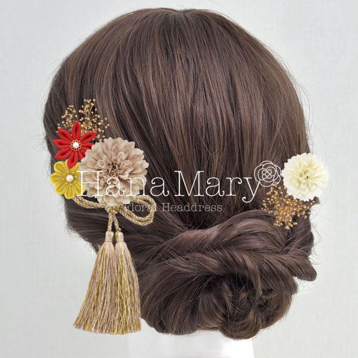 HanaMaryの髪飾りは生花をリアルに再現したアートフラワーと呼ばれるハイクオリティーな造花を使用しています。耐久性に優れ、成人式・卒業式やウェディングなどに何度でも繰り返し使用することができます。
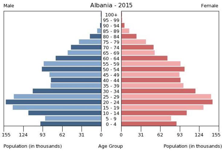 | Keywords: Population pyramid of Albania 2015.png en A population pyramid illustrates the age and sex structure of population and may provide insights about political and social stability as well as economic development The population is distributed along the horizontal axis with males shown on the left and females on the right The male and female populations are broken down into 5-year age groups represented as horizontal bars along the vertical axis with the youngest age groups at the bottom and the oldest at the top The shape of the population pyramid gradually evolves over time based on fertility mortality and international migration trends Віково-статева пі аміда населення Албанії за 2015 ік Вона дає наочне уявлення п о вікову і статеву ст укту а населення к аїни може слугувати дже елом інфо мації п о політичну і соціальну стабільність економічний озвиток Блакитними кольо ами ліво уч у вигляді го изонтальних смуг показані вікові г упи по 5 оків кожна чоловічої статі п аво уч ожевими жіночої аймолодші вікові г упи внизу найста іші вго і Фо ма пі аміди поступово еволюціонує з плином часу під впливом чинників на оджуваності сме тності і світової міг ації https //www cia gov/library/publications/the-world-factbook/ The World Factbook 2016-09-21 The Central Intelligence Agency Цент альне озвідувальне уп авління PD-USGov Population pyramids of Albania |
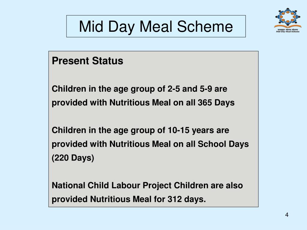 Mid Day Meal Scheme Present Status Children in the age group of 2-5 and 5-9 are provided with Nutritious Meal on all 365 Days Children in the age group of 10-15 years are provided with Nutritious Meal on all School Days (220 Days) National Child Labour Project Children are also provided Nutritious Meal for 312 days.
--------
▸ Work item
The listing above must be printed again exactly, minus its pictures.

▸ Solution
 HanaMaryの髪飾りは生花をリアルに再現したアートフラワーと呼ばれるハイクオリティーな造花を使用しています。耐久性に優れ、成人式・卒業式やウェディングなどに何度でも繰り返し使用することができます。
 | Keywords: Population pyramid of Albania 2015.png en A population pyramid illustrates the age and sex structure of population and may provide insights about political and social stability as well as economic development The population is distributed along the horizontal axis with males shown on the left and females on the right The male and female populations are broken down into 5-year age groups represented as horizontal bars along the vertical axis with the youngest age groups at the bottom and the oldest at the top The shape of the population pyramid gradually evolves over time based on fertility mortality and international migration trends Віково-статева пі аміда населення Албанії за 2015 ік Вона дає наочне уявлення п о вікову і статеву ст укту а населення к аїни може слугувати дже елом інфо мації п о політичну і соціальну стабільність економічний озвиток Блакитними кольо ами ліво уч у вигляді го изонтальних смуг показані вікові г упи по 5 оків кожна чоловічої статі п аво уч ожевими жіночої аймолодші вікові г упи внизу найста іші вго і Фо ма пі аміди поступово еволюціонує з плином часу під впливом чинників на оджуваності сме тності і світової міг ації https //www cia gov/library/publications/the-world-factbook/ The World Factbook 2016-09-21 The Central Intelligence Agency Цент альне озвідувальне уп авління PD-USGov Population pyramids of Albania |
 Mid Day Meal Scheme Present Status Children in the age group of 2-5 and 5-9 are provided with Nutritious Meal on all 365 Days Children in the age group of 10-15 years are provided with Nutritious Meal on all School Days (220 Days) National Child Labour Project Children are also provided Nutritious Meal for 312 days.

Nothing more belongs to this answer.